4.2 Goal-based curiosity module (GCM)

We build the goal-based curiosity module (GCM) on the following idea. Rather than using count-based exploration, or next frame prediction error as exploration bonus, GCM rewards the states based on the uncertainty to master skills. We introduce the concept of skill that represents the ability of the agent to achieve a goal g in a state s. A skill is mastered when the agent can achieve g from s with a high degree of confidence. The confidence is measured in two ways: (1) the difficulty to go from s to g, (2) the progress of the agent to achieve this skill. As a result, curiosity incentivizes the agent to seek new knowledge and discover new skills that might lead to the final goal.

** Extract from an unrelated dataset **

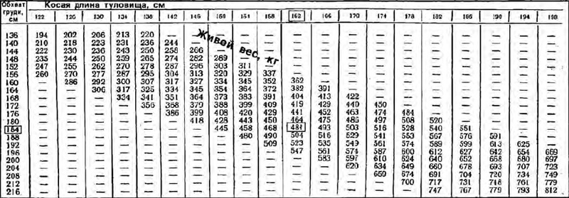 Таблица определения живой массы быка по промерамЧтобы узнать, сколько весит в 1 год живым весом бык, можно замерить самую объемную часть в области обхвата груди. Результат сравнивают с данными таблицы, причем она будет отличаться для каждой породы коров.
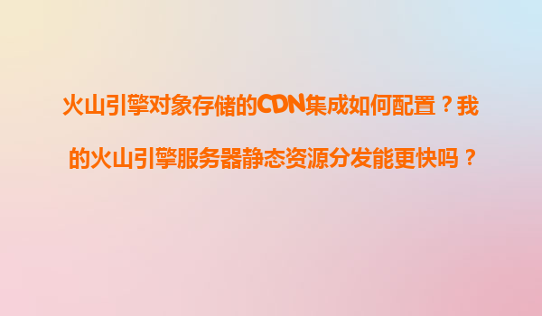 2025-11-16火山引擎对象存储与CDN集成:加速静态资源分发的秘密武器 为什么选择火山引擎对象存储与CDN? 在当今数字化时代,网站和应用性能的关键指标之一是加载速度,而静态资源(如图片、视频、JS/CSS文件...

A straightforward solution is to consider the final goal as the goal to be achieved in any state. However, in sparse reward environments, reaching the final goal may be infrequent, entailing that for most of the episodes the agent only experiences failures. Therefore, training a probabilistic model for predicting if the final goal is mastered is highly inaccurate. Instead, we propose to estimate if the agent can solve multiple intermediate goals. Since these goals are easier to master—encountered more frequently, the estimation becomes more accurate while carrying information about the final goal. In the absence of domain knowledge, a general choice is to set the goals as states experienced by the agent during exploration.

In details, the goal-based curiosity module takes as input the current observation and produces the curiosity based reward \(r^{gc}\). The algorithm can be broken down in fours parts (Fig. 3). First, at the beginning of each episode, K goals are sampled with \(1\le K\in \mathbb {N}\) (Sect. 4.2.1). Second, at each step, we embed the current observation and the goals into a latent space using a variational autoencoder \(ve:O\rightarrow \mathbb {R}^{n}\) (Fig. 1). Third, the agent predicts the probability that each goal can be achieved from the current state. Our implementation relies on a deep predictor neural network which predicts the probability that a goal is mastered \(m:\mathbb {R}^{n} \times \mathbb {R}^{n} \rightarrow \) [0,1] and the curiosity based reward is calculated. To help the agent in the quest of new knowledge, we design the reward to encourage the agent to move towards regions of the state-action space that are simultaneously novels and for which the skills are “hard-to-learn”. Namely, we take advantage of uncertainty given the probabilities that the goals are mastered by the agent. We give details about the reward calculation in Sect. 4.2.2. Finally, at the end of the episode, the GCM is updated according to the experienced observations and the predictor neural network is retrained to fit with the new knowledge of the agent (Sect. 4.2.3).

4.2.1 Goals

As described earlier, estimating if the agent can solve the entire task is challenging. Instead, we introduce the concept of skill to decompose the problem of reaching a distant final goal into multiple easier goals. A skill is the ability of the agent to reach a goal from a given state. Let G be the space of possible goals. We suppose that every goal \(g \in G\) corresponds to some predicate \(f_{g} : S \rightarrow \{0,1\}\) and that a skill is mastered given a state s when \(f_{g}(s) = 1\). In order to keep a consistent representation, we suppose the goal space G to be the same as the state space S, \(G = \mathbb {R}^{n}\).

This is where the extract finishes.